I sat there in disbelief as the doctors explained to my father and I what was wrong with him; why he's been so drained of energy lately. My father weeping silently is what snapped me back into reality. And I was fuming.

"You mean to tell me that you've turned us away 4 times now, saying that nothing was wrong, and now you're saying cancer has taken over my father's body? That it's too late for treatment? Where was this diagnosis two weeks ago?"

Fueled by my anger, I grabbed my father and walked out of the hospital. In my mind, I was cursing God. My father has believed in You, defended You, loved and worshiped You, yet You do this to him? Some Savior You are. If he dies, I'll never forgive you. You can save him, so do it.

"-okay?"

I was brought out of my mind by my father's voice. "I'm sorry, could you repeat that for me?" He chuckled before repeating himself. "I said, I'm going to be okay one way or another. It's whatever the Lord wills it to be. Now, don't get angry with Him if He wants to take me home. I'm ready, son.

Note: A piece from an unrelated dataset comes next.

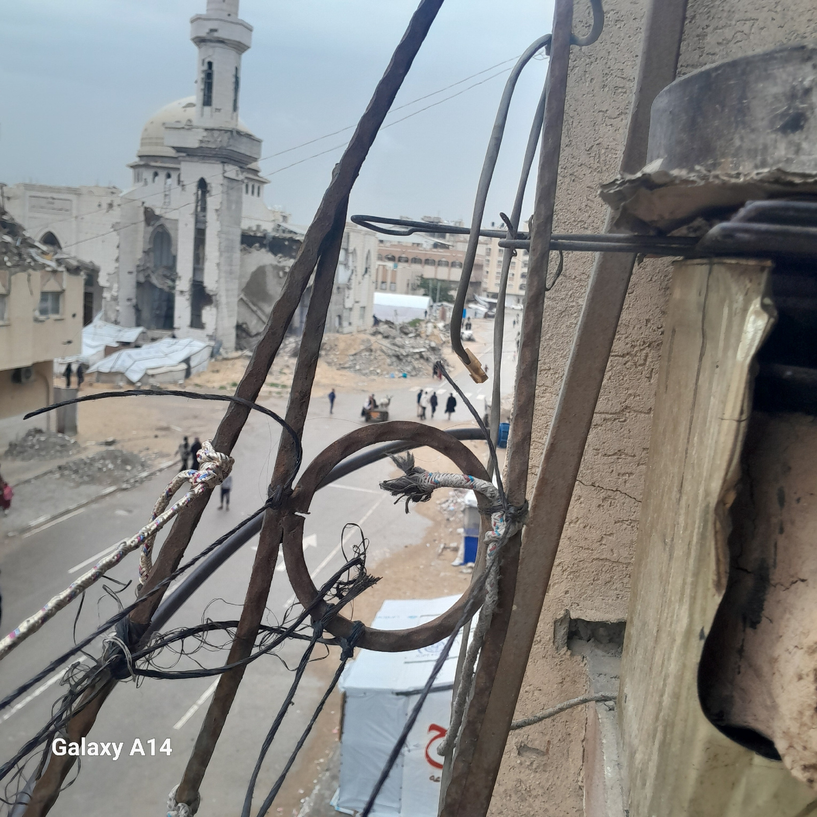 This image shows a scene of devastation, likely in Khan Yunis, Palestinian Territory. In the foreground are tangled wires and metal supports, suggesting an elevated or rooftop perspective. Looking bey…read more

Just let me enjoy my last few months with you and Aleki, okay?"

I gaped at him but knew to keep my opinions to myself, so I simply replied, "When do you plan on telling Aleki, anyways?" He sighed, "Well, today's as good a day as any to let them know." My jaw clenched and my anger burned brighter at the thought of how Aleki would take the news. He was a child, only 16. He can't lose his dad. Not when he just got him back.

The drive to my mother's house was silent. We were both trying to figure out a way to break the news. But too soon, we arrived. I shut off the engine, got out of the truck, and went inside.

"Hey, Sally, dad and I need to talk to you and Aleki in the living room.. Could y'all come here please?" We sat down to get comfortable, and when they walked in, my heart began to break all over again. Clearing his throat, dad told them. You could see the emotions running across their faces. Shock, disbelief, hopelessness, anger, sadness, and lastly, defeat. Aleki shook his head, burst into tears, then ran to his room, slamming the door behind him. My mother, on the other hand, immediately went to praying with my father, so I decided to go check on Aleki.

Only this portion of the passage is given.